O final gera controvérsia entre os fãs que se dividem entre paixão, insatisfação e os que não entenderam muito bem o que aconteceu. Independente de que time você se encontra, deve concordar comigo de que este volume deixou todo mundo com um gostinho de quero mais. (Ainda bem que ainda temos as Short Stories \o/)

 

Revisão Técnica

O roteiro deste arco é muito corrido. Naoko realmente entrou na ferrari e se sentiu na fórmula 1, conduzindo uma história super densa em tão poucas páginas. O resultado é uma porção de personagens desenvolvidos de forma débil, diversos furos e algumas emendas meio mal feitas…

* Como explicar a situação dos gatos? Eles voltam? Supõe-se que sim, afinal sabemos que eles estão em Tóquio Cristal. Mas uma ilustração pequenininha deles no caldeirão seria suficiente para deixar isso claro.

* E a família da Usagi? Eles sobreviveram? Eles também estão vivos em Tóquio de Cristal?

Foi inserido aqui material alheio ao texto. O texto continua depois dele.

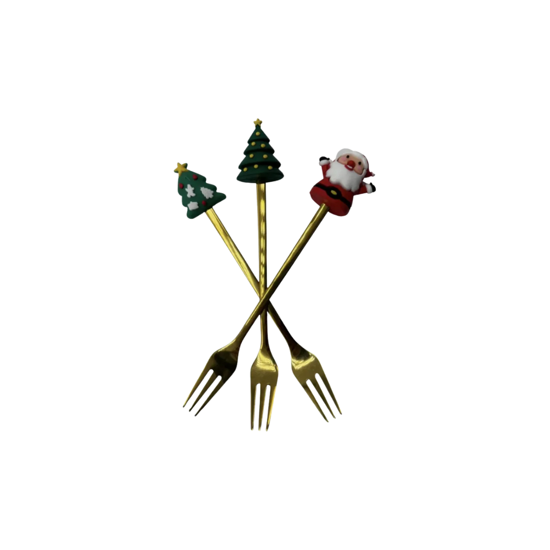 Incluye figuras de Papá Noel, árboles de Navidad, calcetines, renos, estrellas. Las cucharillas de café y los tenedores de postres con elementos navideños añaden un toque festivo a su Navidad.

Ninguém sabe… Podiam muito bem ter aparecido na cena do casamento, ou, se não sobreviveram, deveriam ser mencionados de alguma forma.

* Por que Kakyuu não se transformou antes? Se ela era uma guerreira, por que não estava preparada? Ela podia ter evitado a morte das companheiras… Ou será que a autora não pensou nisso antes?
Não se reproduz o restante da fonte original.